16. In B.N. Nagarajan v. State of Karnataka this Court clearly held that the words "regular" or "regularisation" do not connote permanence and cannot be construed so as to convey an idea of the nature of tenure of appointments. They are terms calculated to condone any procedural irregularities and are meant to cure only such defects as are attributable to methodology followed in making the appointments. This Court emphasised that when rules framed under Article 309 of the Constitution are inforce, no regularisation is permissible in exercise of the executive powers of the Government under Article 162 of the Constitution in contravention of the rules. These decisions and the principles recognised therein have not been dissented toby this Court and on principle, we see no reason not to accept the proposition as enunciated in the above decisions.
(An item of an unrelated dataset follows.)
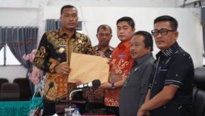 Dalam kesempatan itu, Bupati didampingi Wakil Bupati Audi Murphy O. Sitorus menyerahkan Nota Pengantar KUA-PPAS kepada pimpinan DPRD Toba, yakni Ketua Franshendrik Tambunan, Wakil Ketua Tomson Manurung, dan Wakil Ketua Henry Tambunan. (SC-JT)

We have,therefore, to keep this distinction in mind and proceed on the basis that only something that is irregular for want of compliance with one of the elements in the process of selection which does not go to the root of the process, can be regularised and that it alone can be regularised and granting permanence of employment is a totally different concept and cannot be equated with regularisation.

*** *** ***

53. One aspect needs to be clarified. Thee may be cases where irregular appointments (not illegal appointments) as explained in S.V. Narayanappa, R.N. Nanjundappa and B.N. Nagarajan and referred to in para 15 above, of duly qualified persons in duly sanctioned vacant posts might have been made and the employees have continued to work for ten years or more but without the intervention of orders of the Courts or of Tribunals. The question of regularisation of the services of such employees may have to be considered on merits in the light of the principles settled by this Court in the cases above-referred to and in the light of this judgment. In that context, the Union of India, the State Governments and their instrumentalities should take steps to regularise as a one-time measure, the services of such irregularly appointed, who have worked for ten years or more in duly sanctioned posts but not under cover of orders of the Courts or of Tribunals and should further ensure that regular recruitments are undertaken to fill those vacant sanctioned posts that require to be filled up, in cases where temporary employees or daily wagers are being now employed. The process must be set in motion within six months from this date. We also clarify that regularisation, if any already made, but not sub judice, need not be reopened based on this judgment, but there should be no further bypassing of the constitutional requirement and regularising or making permanent, those not only appointed as per the constitutional scheme.

54. It is also clarified that those decisions which run counter to the principle settled in this decision, or in which directions running counter to what we have held herein,, will stand denuded of their status as precedents. In the earlier Writ Petition No. 3212/1995 the learned Single Judge of this Court had passed an order of ad-interim relief on 10-7-1995 while admiting the petition in terms of prayer Clause E which reads:

(E) Pending hearing and final disposal of this Writ Petition by an appropriate order, or direction,the Respondents No. 1 to 4 be directed to continue the Petitioners in service without break.

Grant of interim relief by this Court in favour of the petitioners would make it clear that the petitioners were working under the orders of this Court.

14. Considering the stand adopted by the State we do not find any error or illegality in the decision making process of the State. The petitioners being appointed as ad-hoc/temporary, the benefit which was conferred on 3761 employees could not be conferred on the petitioners. We do not find any error or infirmity in the decision arrived at by the Tribunal. The petition fails and accordingly stands dismissed.